My dad, in my Memory Garden, is the row of pine trees which towered over our front yard. When I was about five years old, we were living in a little house near Bunker Hill. Very conscious of growing taller, I overheard him tell my mother that we were outgrowing our house.
Of course, not even imagining that my second sister, their third child, was about to be born, all I could think of was the sagging beam connecting the kitchen and the dining room. My father had to duck to keep his head from hitting it.
Naïve as I was, I thought of him as the tallest person I knew, like the pine trees. But the metaphor worked on another level as well.
I’ve told you I loved to read under those trees. When the wind blew, there was a magnificent singing, a soft sighing (or as the British novels I loved to read would say, “soughing”) of the branches, like the music he liked to play on the piano at night to help lullaby us to sleep.
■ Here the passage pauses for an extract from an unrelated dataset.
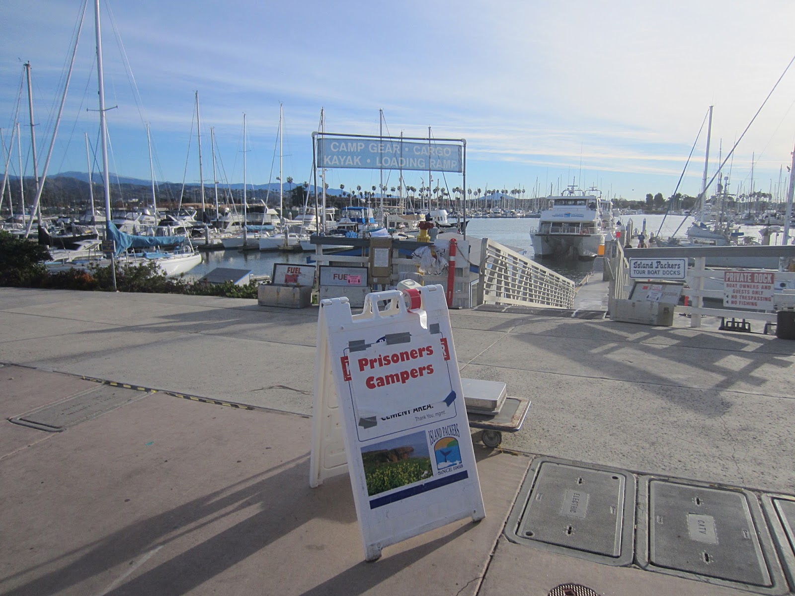 Можно подумать, что на корабль собираются грузить не только туристов, но и заключенных, но Prisoners в данном случае - название гавани, куда мы плавали. Знак поставили, чтобы не перепутали с другим направлением - Scorpions. Но название Prisoners действительно взялось от заключенных, которых когда-то хотели селить на Santa Cruz Island.

It was protective, sheltering, just as those pines represented to me a sense of dancing beauty but lofty strength, symbolizing the trust I placed in him.
Learning life lessons was caught, not taught, from my dad. A devout Christian, he lived by Christ principles, and everyday occurrences became teachable moments. One particular occasion, the fire which destroyed our church building, became a lesson for me that I’ve never forgotten.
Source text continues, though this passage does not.